Sutra Data Model : Sinzui

The Sutra data model is strongly influenced by Friend of a Friend vocabulary (FOAF), originally proposed by Edd Dumbill. In this draft of Sutra's ontology, the world is made up of two general kinds of objects, Agents and Documents. Noticeably absent from the diagram below are events and a class representing services and software, and they will be addressed in the future. Sutra uses RDF-Schema to define object types, but XML-Schema, and similar mechanism could be used in the future. In most cases, a resource may have many instances of a particular property--a person made (property) many resources, and each will have several topics (properties).

Things that cause change are represented by a resource called an Agent (rdfs:Class). The agent's properties describe it's online identity.
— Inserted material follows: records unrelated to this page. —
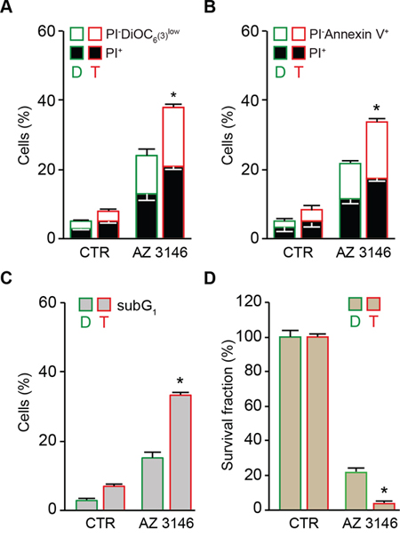 Figure 2: Preferential killing of tetraploid tumor cells by AZ 3146-mediated MPS1 inhibition. A. and B. Diploid and tetraploid human colon carcinoma HCT 116 cells (framed in green and red, respectively) were left untreated or treated with 5 μM AZ 3146 for 72 hours (h) and then either co-stained with the vital dye propidium iodure (PI) and the mitochondrial membrane potential (Δψm)-sensing dye DiOC6(3) (A) or stained with the phosphatidylserine binding protein Annexin V conjugated to Alexa Fluor 488 for the evaluation of cell death–associated parameters by cytofluorometry. In panel (A) white and black columns depict the percentage of dying (PI− DiOC6(3)low) and dead (PI+) cells, respectively. In panel (B) white and black columns illustrate the percentage of dying (PI−Annexin V+) and dead (PI+) cells, respectively. C. Diploid and tetraploid HCT 116 cells (framed in green and red, respectively) left untreated or exposed for 72 h with 5 μM AZ 3146 were fixed with ethanol and labelled with the DNA dye PI, for the quantification of the hypodiploid, subG1 apoptotic population. Quantitative data are reported. D. Diploid and tetraploid HCT 116 cells (framed in green and red, respectively) seeded at low cell density, were left untreated or exposed to 5 μM AZ 3146 for 24 h. Upon drug washout, cells were cultivated for 15 days in fresh, drug-free medium before crystal violet staining and colony counting. Quantitative data obtained upon normalization to plating efficiency are shown. In all the panels data are reported as means ± SEM (n ≥ 3). *p < 0.001 (Mann–Whitney test), as compared with diploid cells subjected to the same treatment condition. Diploid, D; tetraploid, T.
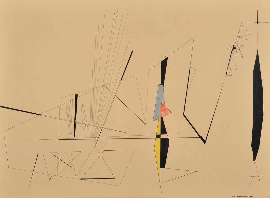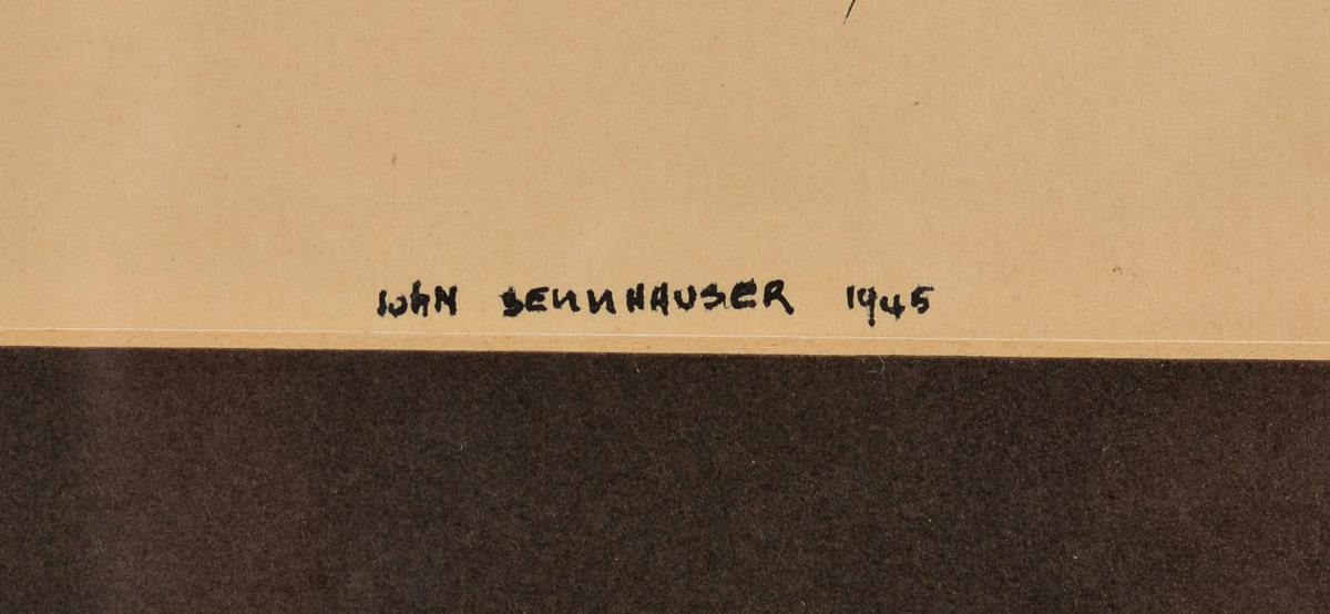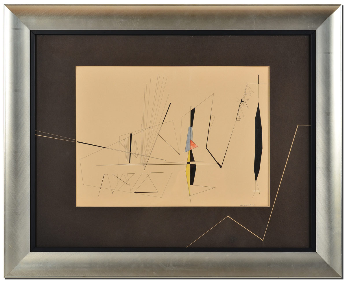 SENNHAUSER, John, (American, 1907-1978): Abstract Geometric Composition, Watercolor, Sight size 13 3/4'' x 19'', signed lower right, dated 1945, custom mating and contemporary silver gilt frame 27'' x 33 1/4''.
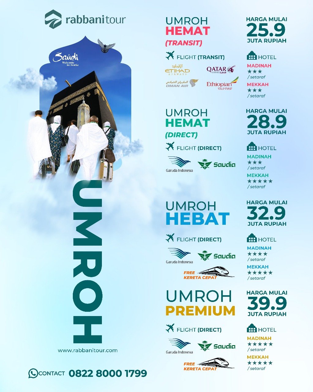 Rabbanitour menyediakan banyak pilihan tanggal keberangkatan dengan pilihan paket dan maskapai penerbangan untuk menjamin kenyamanan perjalanan umroh Anda dan keluarga.
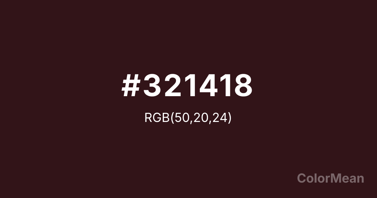 #321418 RGB value is (50, 20, 24). The hex color red value is 50, green is 20, and blue is 24. Its HSL format shows a hue of 352°, saturation of 43 percent, and lightness of 14 percent. The CMYK process values are 0 percent, 60 percent, 52 percent, 80 percent.
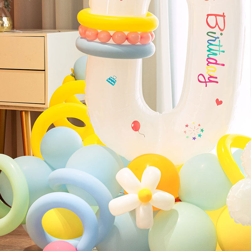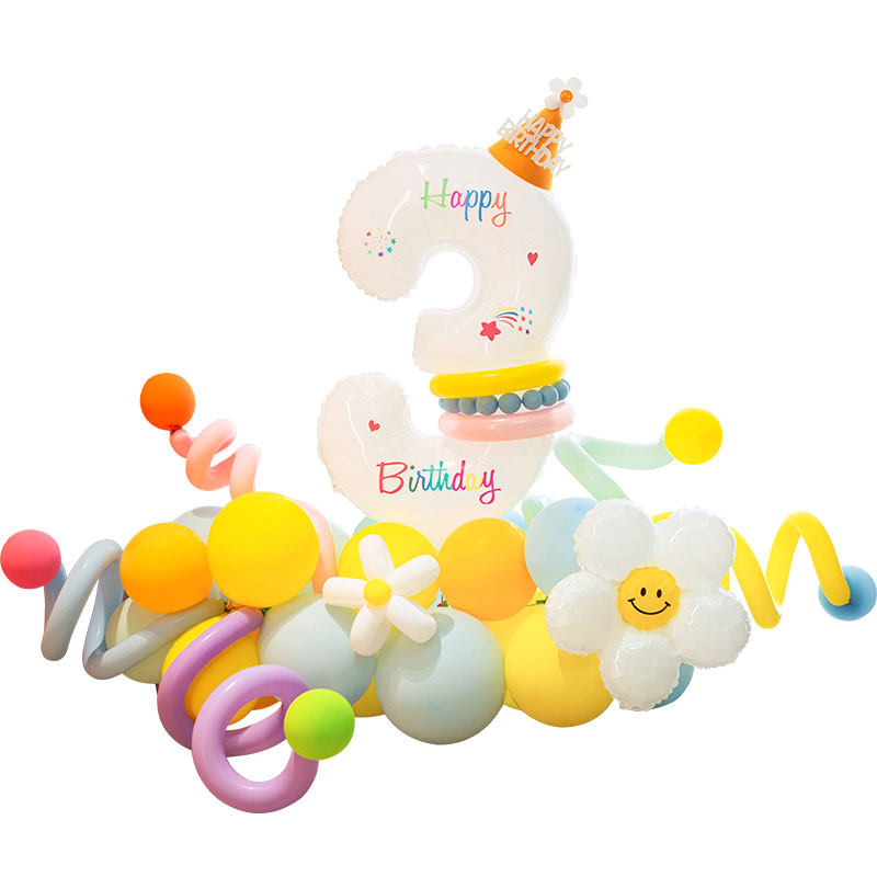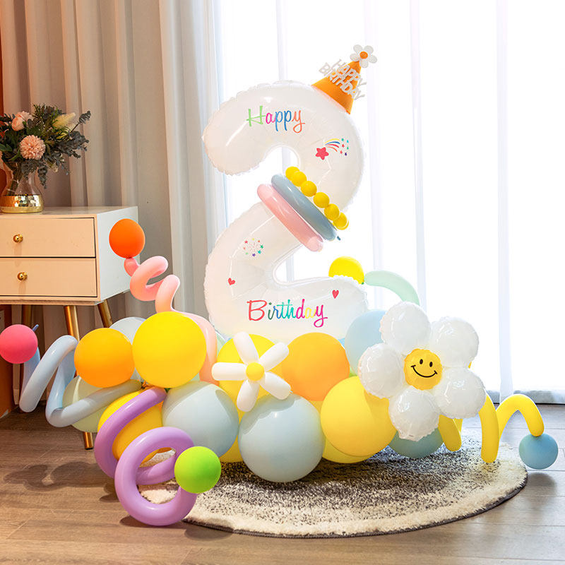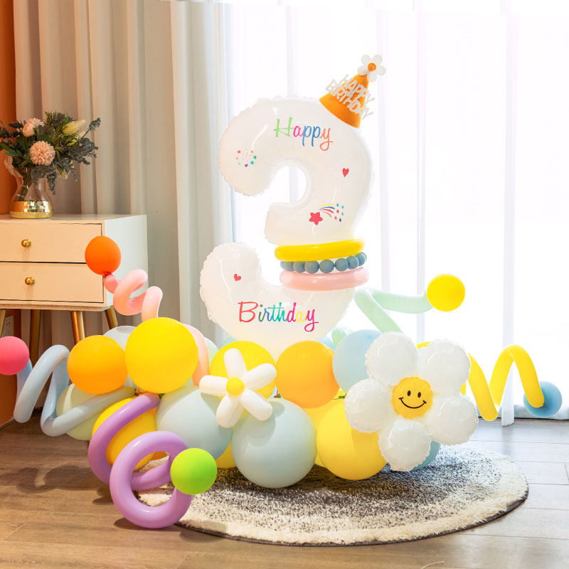 📚 儿童1234白色生日数字气球花立柱男女孩周岁生日派对场景布置装饰

The most common form (rdfs:SubClass) of agent is a Person, whose properties may describe real world attributes. Agents may be represented (rdfs:SubClass) as Groups, Projects, or Organizations. Sutra uses Agent because it a crucial resource for establishing relationships between resources. Much of the agent information will be derived from, and interact with, personal information apps like Evolution, and external sources like LDAP and Web sites. See the FOAF documentation for the definition of Agents and their properties.

Documents are things that agents create. Documents are digital artifacts that represent information in Sutra. The properties of the basic Document correspond well with both Nautilus and Web browsers. Nautilus displays document type, thumbnail, icons, and emblems, which compares well to format, thumbnail, logo, and topic respectively. Note that Medusa currently indexes emblems as keywords for searches. Web browsers use content-type, icons, and keywords/classification for bookmarks, which likewise agree with format, thumbnail, logo, and topic.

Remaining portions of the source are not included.